━━━━━ Input for this task

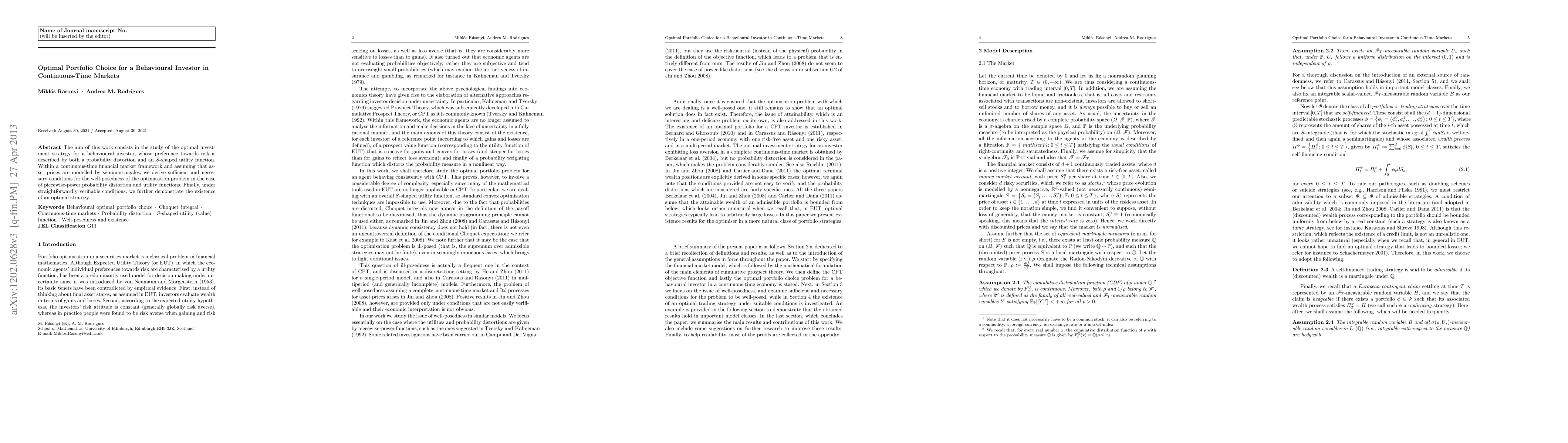 The aim of this work consists in the study of the optimal investment strategy for a behavioural investor, whose preference towards risk is described by both a probability distortion and an S-shaped utility function. Within a continuous-time financial market framework and assuming that asset prices are modelled by semimartingales, we derive sufficient and necessary conditions for the well-posedness of the optimisation problem in the case of piecewise-power probability distortion and utility functions. Finally, under straightforwardly verifiable conditions, we further demonstrate the existence of an optimal strategy.
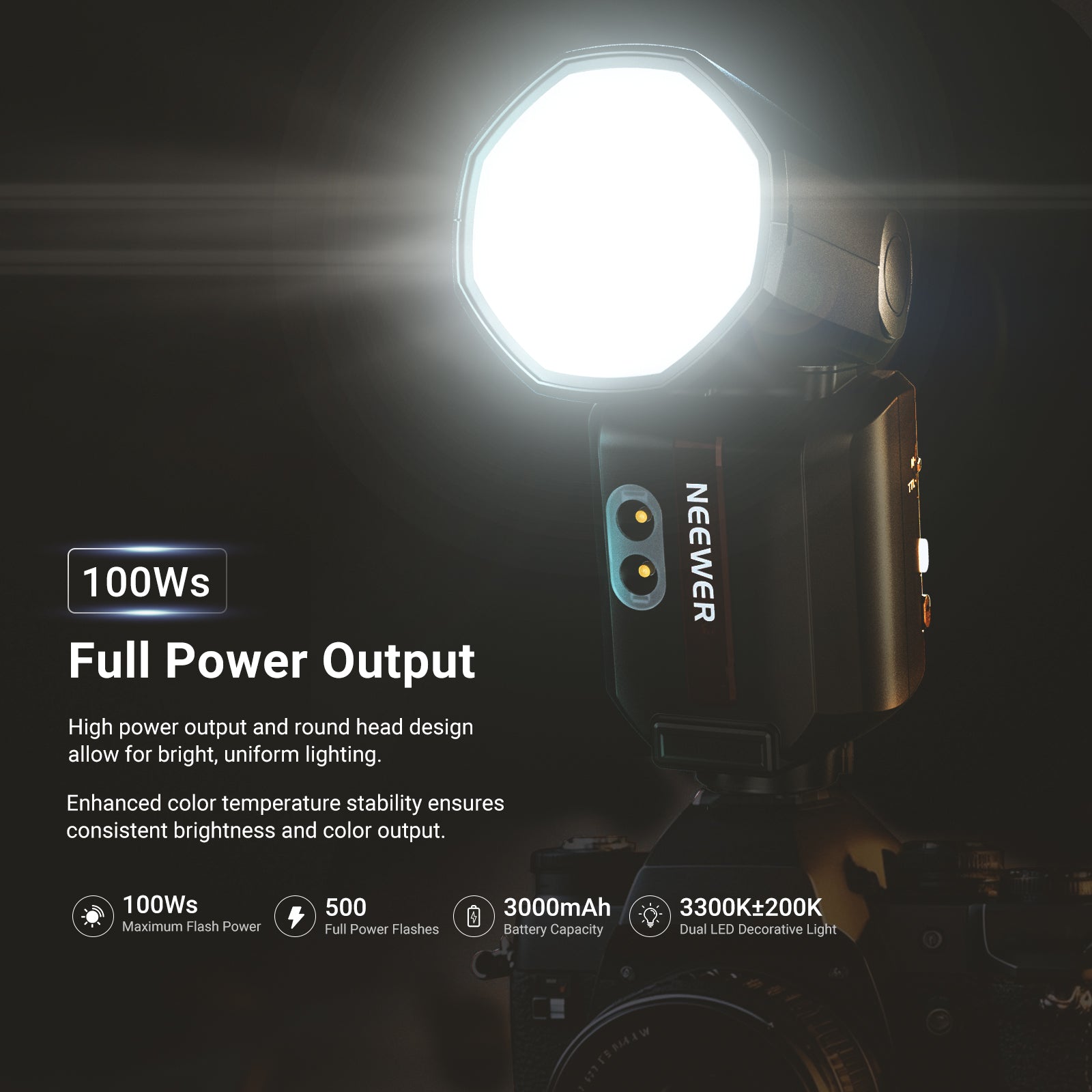 - Burst Performance: 70-100 Flashes (at Full Power)
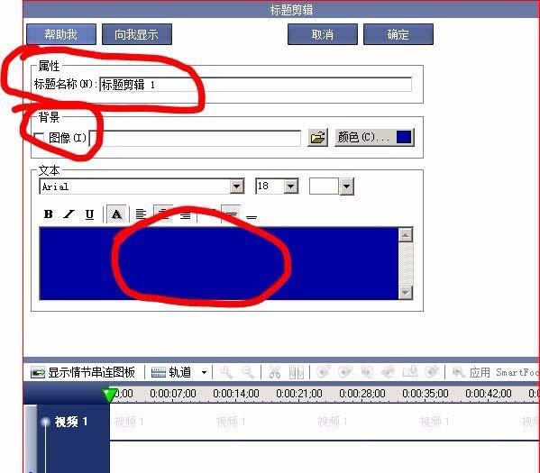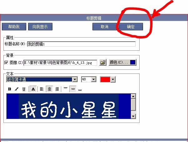 3、在“属性”中可以更改标题名称,在“背景”中可以自定义标题的背景,在“文本”输入框中可以更改标题剪辑的内容,单击“确定”完成。
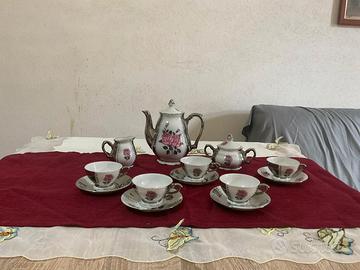 servizio da the e caffè in porcellana bavaria placcato in argento anni 50/70 con 5 tazzine, vendita anche separatamente.
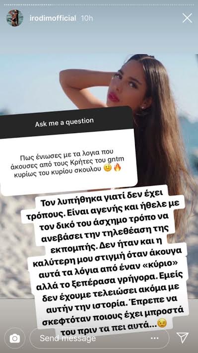 Πιο συγκεκριμένα, στην ερώτηση: «Πως ένιωσες με τα λόγια που άκουσες από τους κριτές του GNTM; Κυρίως του κυρίου Σκουλού», απάντησε: «Τον λυπήθηκα γιατί δεν έχει τρόπους. Είναι αγενής και ήθελε με τον δικό του άσχημο τρόπο να ανεβάσει την τηλεθέαση της εκπομπής. Δεν ήταν και η καλύτερη μου στιγμή όταν άκουγα αυτά τα λόγια από έναν «κύριο» αλλά το ξεπέρασα γρήγορα. Εμείς δεν έχουμε τελειώσει ακόμα με αυτήν την ιστορία. Έπρεπε να σκεφτόταν ποιους έχει μπροστά του πριν τα πει αυτά….».
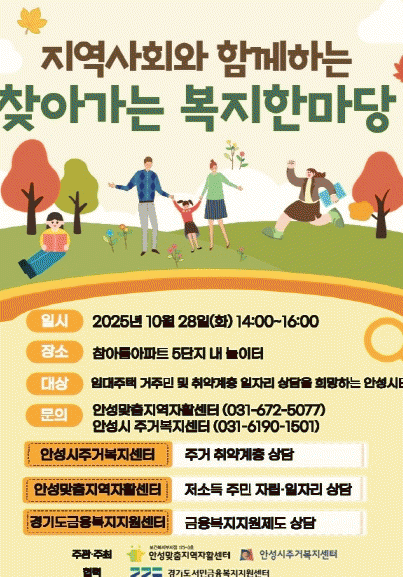 ¾È¼º½ÃÁְź¹Áö¼¾ÅÍ´Â ÁÖ°Å Ãë¾à°èÃþ ¹× ÁÖ°Å»óÇâ °ü·Ã »ó´ãÀ» ´ã´çÇϰí, ¾È¼º¸ÂÃãÁö¿ªÀÚȰ¼¾ÅÍ´Â ÀÚȰ»ç¾÷ ¾È³»¿Í ÀÏÀÚ¸® »ó´ã,

━━━━━━━━━━

[Goal of the exercise]
Since the pictures are not wanted, set down only the rest of each record, exactly as above.

[Answer to the problem]
 The aim of this work consists in the study of the optimal investment strategy for a behavioural investor, whose preference towards risk is described by both a probability distortion and an S-shaped utility function. Within a continuous-time financial market framework and assuming that asset prices are modelled by semimartingales, we derive sufficient and necessary conditions for the well-posedness of the optimisation problem in the case of piecewise-power probability distortion and utility functions. Finally, under straightforwardly verifiable conditions, we further demonstrate the existence of an optimal strategy.
 - Burst Performance: 70-100 Flashes (at Full Power)
 3、在“属性”中可以更改标题名称,在“背景”中可以自定义标题的背景,在“文本”输入框中可以更改标题剪辑的内容,单击“确定”完成。
 servizio da the e caffè in porcellana bavaria placcato in argento anni 50/70 con 5 tazzine, vendita anche separatamente.
 Πιο συγκεκριμένα, στην ερώτηση: «Πως ένιωσες με τα λόγια που άκουσες από τους κριτές του GNTM; Κυρίως του κυρίου Σκουλού», απάντησε: «Τον λυπήθηκα γιατί δεν έχει τρόπους. Είναι αγενής και ήθελε με τον δικό του άσχημο τρόπο να ανεβάσει την τηλεθέαση της εκπομπής. Δεν ήταν και η καλύτερη μου στιγμή όταν άκουγα αυτά τα λόγια από έναν «κύριο» αλλά το ξεπέρασα γρήγορα. Εμείς δεν έχουμε τελειώσει ακόμα με αυτήν την ιστορία. Έπρεπε να σκεφτόταν ποιους έχει μπροστά του πριν τα πει αυτά….».
 ¾È¼º½ÃÁְź¹Áö¼¾ÅÍ´Â ÁÖ°Å Ãë¾à°èÃþ ¹× ÁÖ°Å»óÇâ °ü·Ã »ó´ãÀ» ´ã´çÇϰí, ¾È¼º¸ÂÃãÁö¿ªÀÚȰ¼¾ÅÍ´Â ÀÚȰ»ç¾÷ ¾È³»¿Í ÀÏÀÚ¸® »ó´ã,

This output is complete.